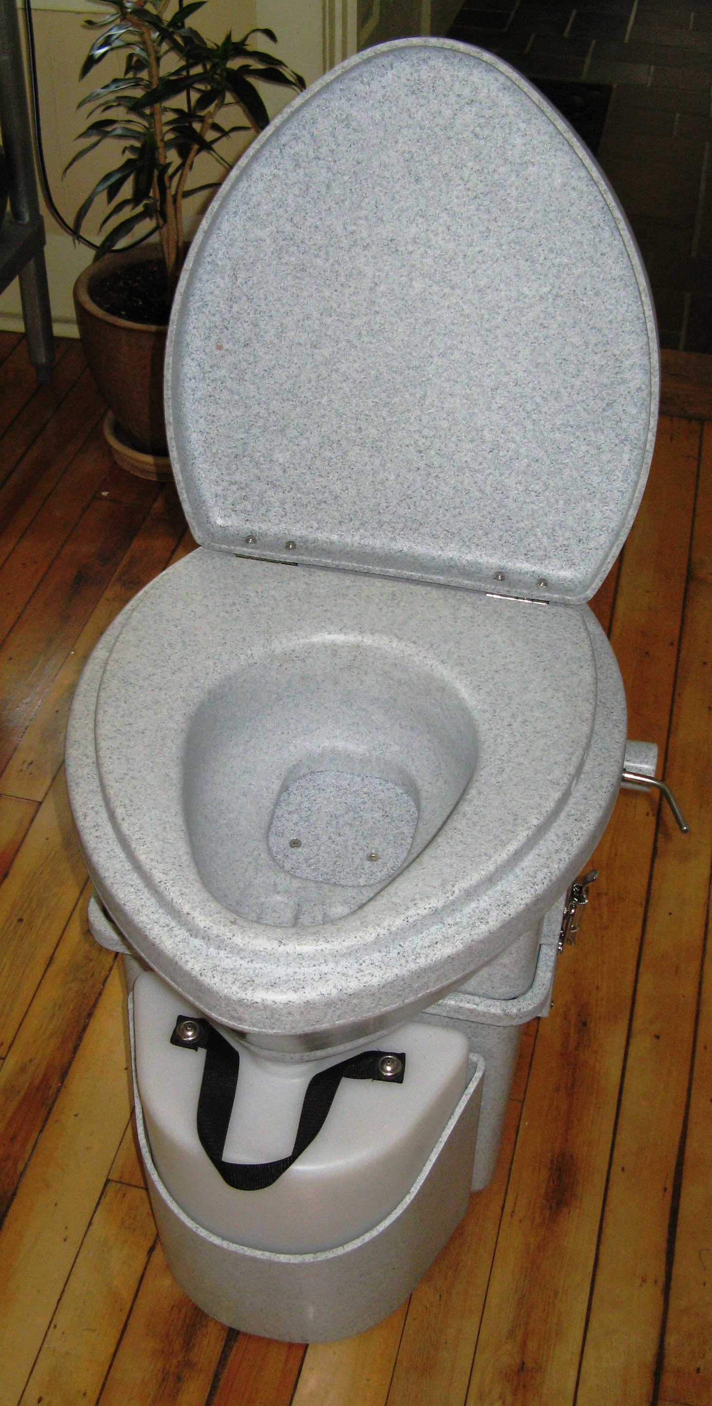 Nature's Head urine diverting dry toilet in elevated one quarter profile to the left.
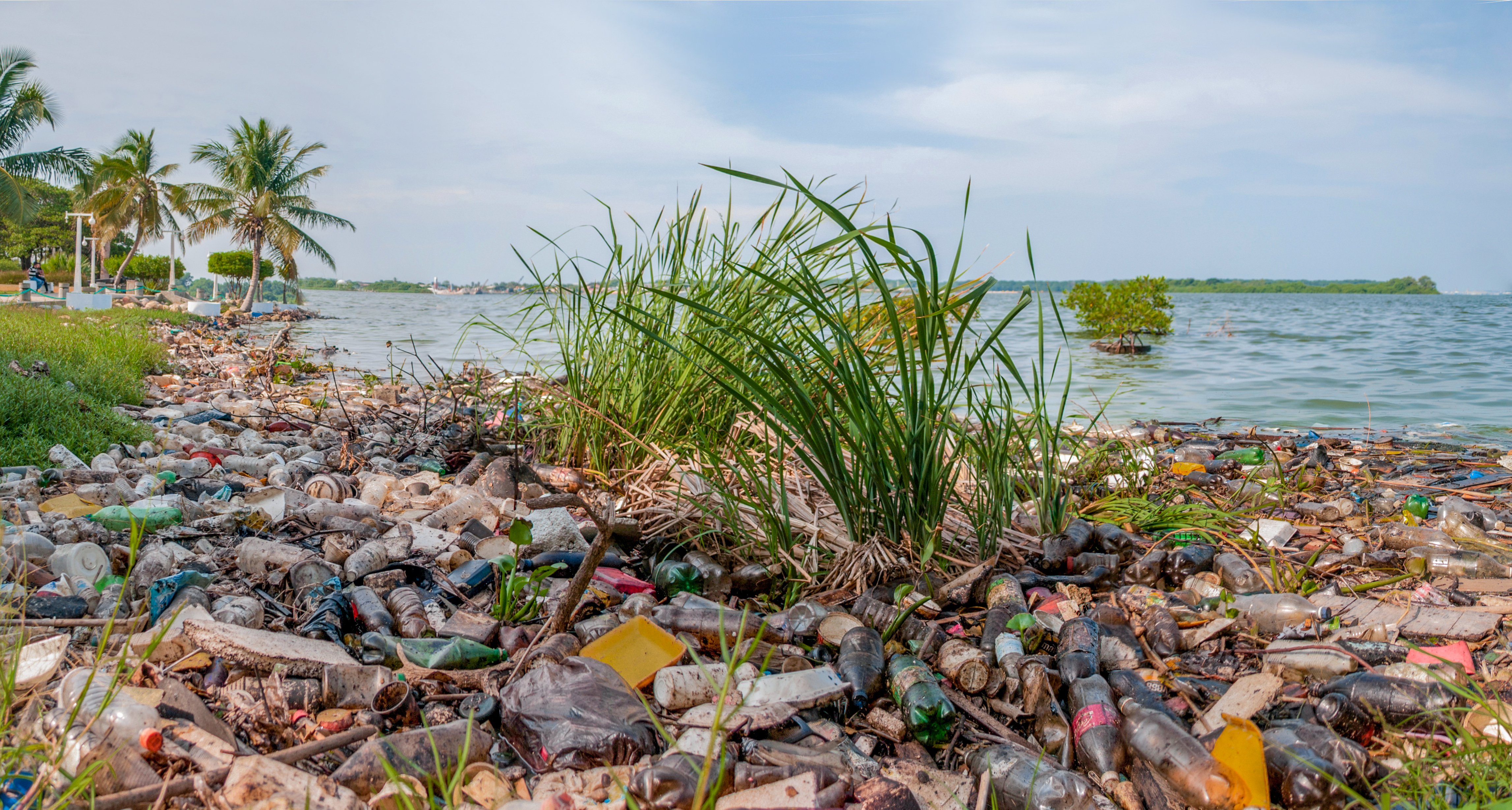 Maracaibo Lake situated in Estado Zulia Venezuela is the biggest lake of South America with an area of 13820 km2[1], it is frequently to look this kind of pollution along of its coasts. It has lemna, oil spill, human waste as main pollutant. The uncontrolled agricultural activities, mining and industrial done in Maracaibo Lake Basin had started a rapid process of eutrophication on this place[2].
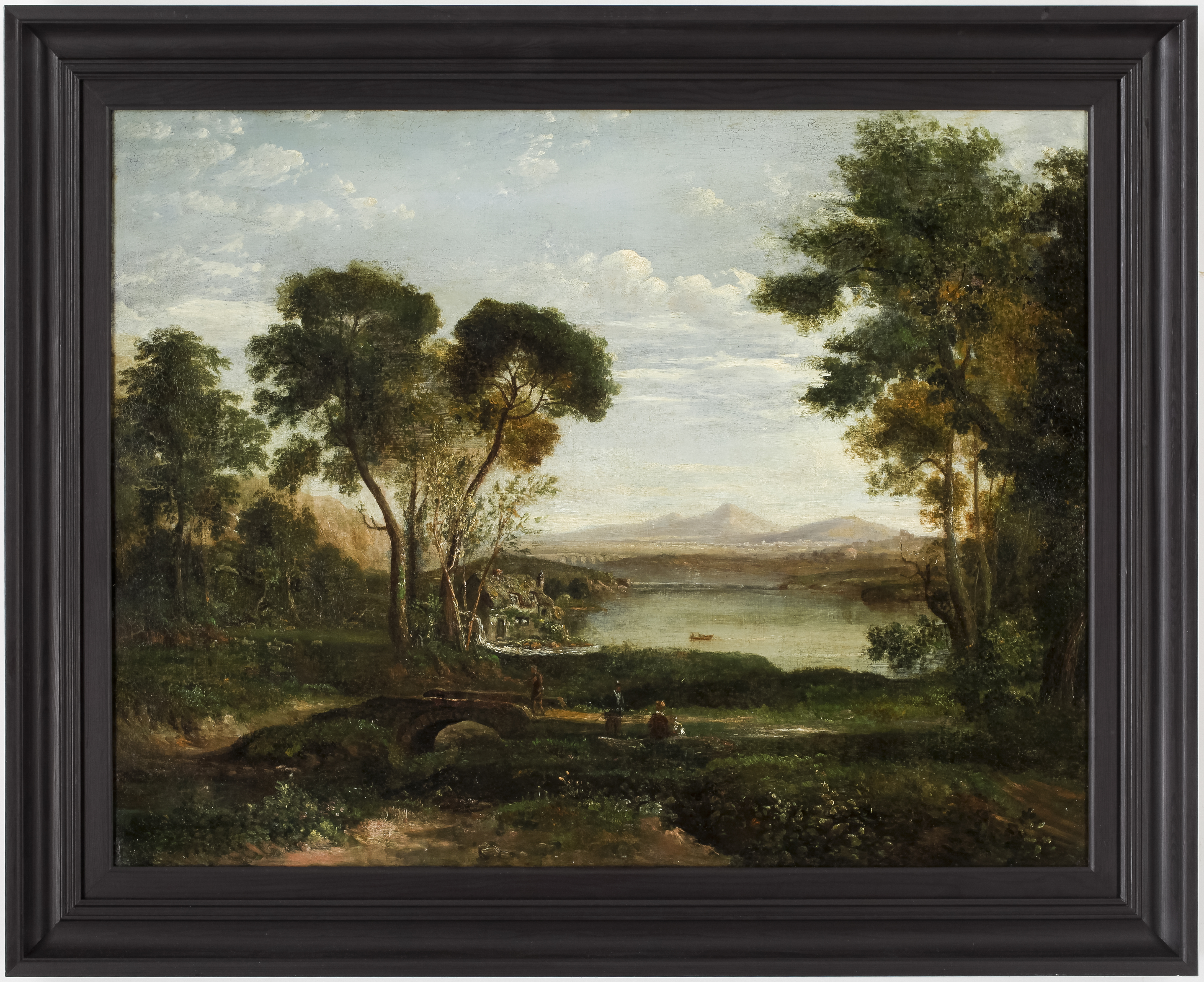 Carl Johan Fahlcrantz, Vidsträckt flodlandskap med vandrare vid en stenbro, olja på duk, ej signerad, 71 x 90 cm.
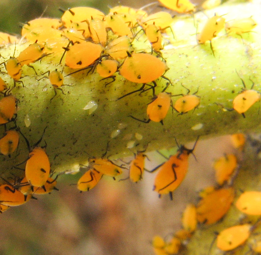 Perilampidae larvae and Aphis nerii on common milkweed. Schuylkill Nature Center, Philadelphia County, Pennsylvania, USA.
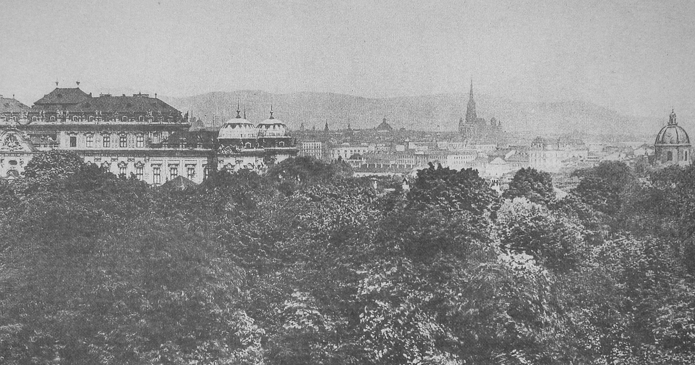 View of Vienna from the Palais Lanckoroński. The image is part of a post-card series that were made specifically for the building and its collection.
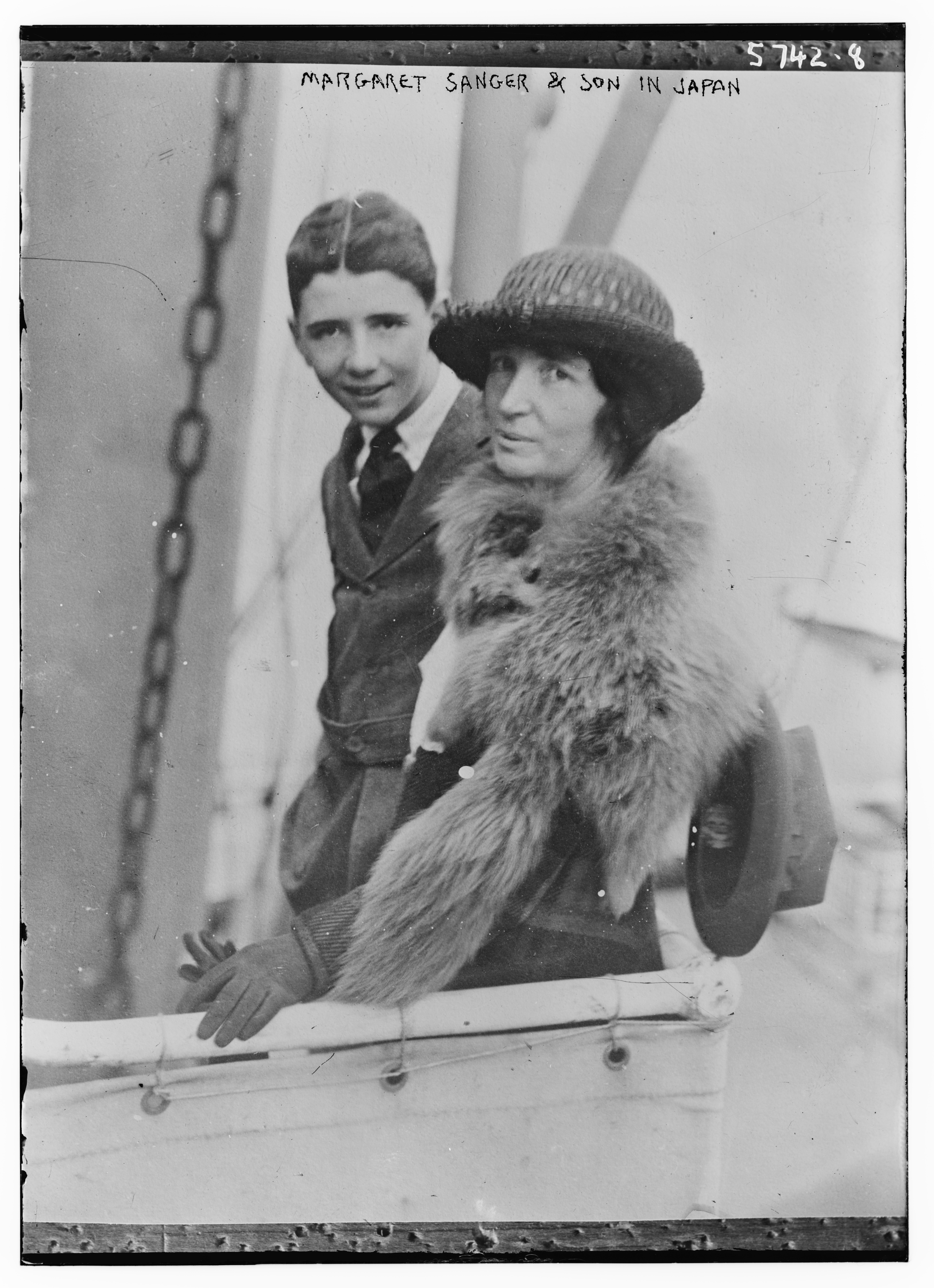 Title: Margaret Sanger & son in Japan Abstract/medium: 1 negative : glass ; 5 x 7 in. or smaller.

- _What is needed_
Images in the records should not be copied. Repeat all the rest exactly.

- _Task response_
 Nature's Head urine diverting dry toilet in elevated one quarter profile to the left.
 Maracaibo Lake situated in Estado Zulia Venezuela is the biggest lake of South America with an area of 13820 km2[1], it is frequently to look this kind of pollution along of its coasts. It has lemna, oil spill, human waste as main pollutant. The uncontrolled agricultural activities, mining and industrial done in Maracaibo Lake Basin had started a rapid process of eutrophication on this place[2].
 Carl Johan Fahlcrantz, Vidsträckt flodlandskap med vandrare vid en stenbro, olja på duk, ej signerad, 71 x 90 cm.
 Perilampidae larvae and Aphis nerii on common milkweed. Schuylkill Nature Center, Philadelphia County, Pennsylvania, USA.
 View of Vienna from the Palais Lanckoroński. The image is part of a post-card series that were made specifically for the building and its collection.
 Title: Margaret Sanger & son in Japan Abstract/medium: 1 negative : glass ; 5 x 7 in. or smaller.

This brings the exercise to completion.